From 2007 to 2009 we have dropped rates, and deflation has arrived, and so far bond prices have risen. My contention is that they will now fall as rates will go up in order to finance huge deficits. Interesting is that from 1929 to 1931 the Fed dropped rates from 6% to 1.5% very quickly, almost a mirror of our last two years. Then in 1931 the Fed raised rates to 3.5% to stem the outflow of gold, somewhat analogous to having to raise rates to attract foreign buyers of Treasuries today. Bonds fell. But in late 1931 Austria defaulted, then England defaulted, and we had a huge baking crisis worldwide. This prompted the Fed to start dropping rates again, back down to 1.5% in 1932.
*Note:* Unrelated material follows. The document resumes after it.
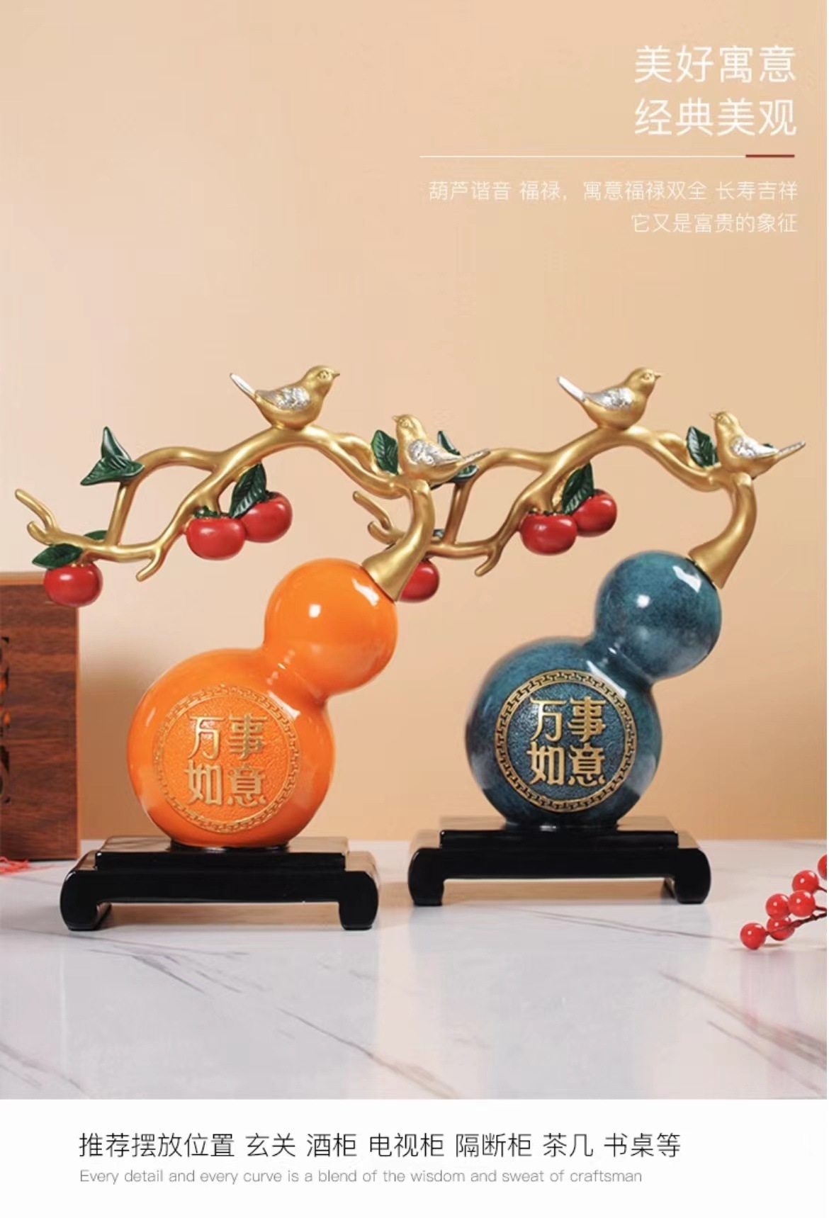 신중국풍 가정용 거실 행운을 기원하는 호박 장식품 새집 이사 선물 서재 현관 와인장 수공예품

One of the most influential diagnoses of the Great Depression was Milton Friedman's Monetary History of the United States, which argued that the Fed failed to flood the market with money. In retrospect, it is much less clear today that he was right. The Fed dropped rates as fast as Bernanke has, but was overwhelmed not by a contraction of money in a narrow sense, but by a huge write-down of debt. For example, by 1933 most nations were defaulting on their foreign debts, most notably Germany, which repudiated the WWI war reparations, and England, which tried to get out of debt owed the US. Hard to see how the Fed could have put enough fingers in the dike to hold back that flood.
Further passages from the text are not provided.